Mendengar permintaan Chava, Ezio hanya menahan gelak. Sedikit banyak ia sudah bisa menebak apa permintaan gadis itu.
“Baiklah,” Ezio mengambil piringan hitam Tony Sheridan and The Beat Brothers yang terletak di sofa, karena baginya percuma menolak permintaan Chava, “walaupun aku masih heran ada apa denganmu dan juga berdansa.”
“Tidak, aku tidak mau berdansa dengan lagu rock ’n roll!” Chavalah merajuk, “Aku ingin berdansa dengan lagu lain. Slow dance.”
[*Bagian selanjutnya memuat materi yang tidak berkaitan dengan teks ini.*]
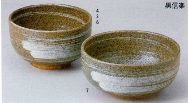
④ 35604-416 1,440円 4.0夏目丼 (115×70mm) ⑤ 35605-416 2,400円 5.0夏目丼 (155×95mm) ⑥ 35606-416 3,240円 5.5夏目丼 (170×100mm) ⑦ 35607-416 3,900円 6.5丼 (195×90mm)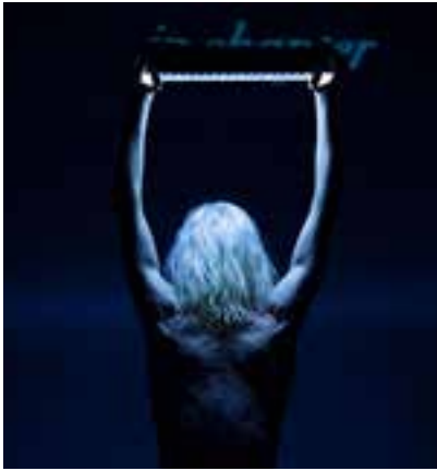
MDLSX, Compagnie Motus

Ezio menatap lurus pada Chava keheranan, tetapi Chava sudah meninggalkan kantornya menuju pada perpustakaan. Lagu The Platters yang berputar sebagai background terdengar dalam irama waltz yang cocok dengan lagu dansa. Ezio pun mengikuti Chava dengan langkahnya yang tertatih, sementara Chava membuat dirinya berputar sehingga rok birunya mengembang. Ia sudah pernah berdansa dengan gadis itu, seharusnya tidak ada kecanggungan atau rasa gugup sama sekali. Tetapi Ezio tidak berbohong, untuk kali ini ia merasa gugup, terutama saat Ezio menerima uluran tangan Chava yang tersenyum.
Am I just another
Dancing partner?
Do you smile
At every boy this way?
Ini bukan sebuah kebetulan, tetapi lagu yang dimainkan di atas gramophone benar-benar membuat Ezio semakin gugup. Sang pustakawan punya cara agar Chava tidak bisa menangkap raut wajahnya. Dengan sedikit enggan, Ezio membawa Chava mendekat, membiarkan dagu Chava bersandar pada pundaknya. Jika seperti ini, mereka tidak perlu saling menatap, namun di lain kesempatan keduanya akan terlihat saling berpelukkan sambil berdansa.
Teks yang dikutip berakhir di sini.